Building a Program for Organizational Reality
The goal here isn’t to prescribe a universal program structure. Organizations have different threat profiles, different risk tolerances, and different resource constraints. But there are a set of questions that distinguish programs built for organizational reality from programs built for audit compliance.
Who owns insider threat outside the SOC? If the answer is no one, the program has a single point of visibility in a problem that generates signals across the organization.
What is the formal trigger for HR involvement? Not the informal understanding, but the documented, agreed-upon threshold that puts HR in the conversation before containment becomes necessary.
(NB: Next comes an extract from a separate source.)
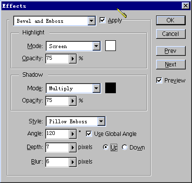 6、现在我们做一下效果,在图层面板中用鼠标右键点击文字层,在弹出的菜单中选择效果Effect,在弹出的对话框中按如下图设置。点击“ok”按钮,图象产生浮雕效果。即得到预览图效果。
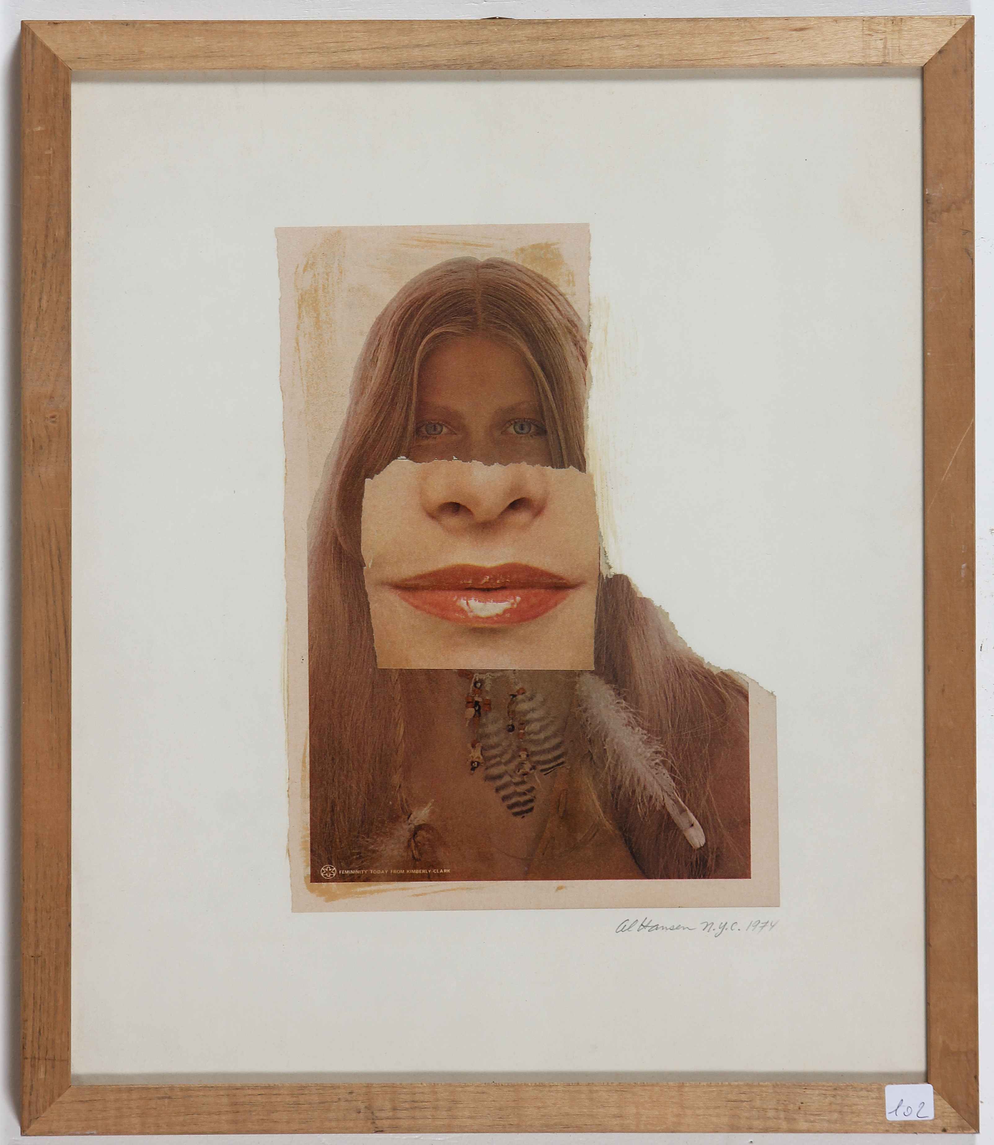 HANSEN AL (1927 - 1995) Senza titolo. 1974. Tecnica mista e collage su cartone. Cm 35,00 x 42,00. Firma e anno a matita in basso a destra. Al retro timbro e firma dell'Archivio Francesco Conz, Verona. Cornice presente

How are contractor and third-party access profiles reviewed, and how often? Sixty-three percent of organizations report insufficient controls over third-party access. That’s not a technical gap in most cases. It’s a governance gap: nobody owns the question of whether that access still makes sense.
What does the response plan actually cover? Thirty-seven percent of organizations have a formal insider threat response plan. The other sixty-three percent are improvising during the most time-sensitive and legally sensitive moments of an insider incident.
Only 28 percent of organizations combine regular awareness training with continuous monitoring, despite broad recognition that neither one is sufficient alone. But even that combination misses the core issue if it stays within the SOC. The organizations that detect insider threats faster and contain costs more effectively share a common characteristic: they’ve built the cross-functional coordination that lets signals from different parts of the organization reach someone with the authority and context to act on them before the incident fully materializes.
The Question Worth Asking
The statistic that should be driving insider threat program investment decisions isn’t the average annual breach cost. It’s the ratio of what organizations spend on containment versus what they spend on monitoring, because that ratio reveals something concrete about program design.
A containment-heavy spend profile is the financial signature of a program that responds well and prevents poorly. The tools exist. The budgets are there. What most organizations are missing is the organizational architecture that lets the full picture of insider risk come together before it becomes an incident that needs containing.
That’s a solvable problem. And it doesn’t start with a procurement decision.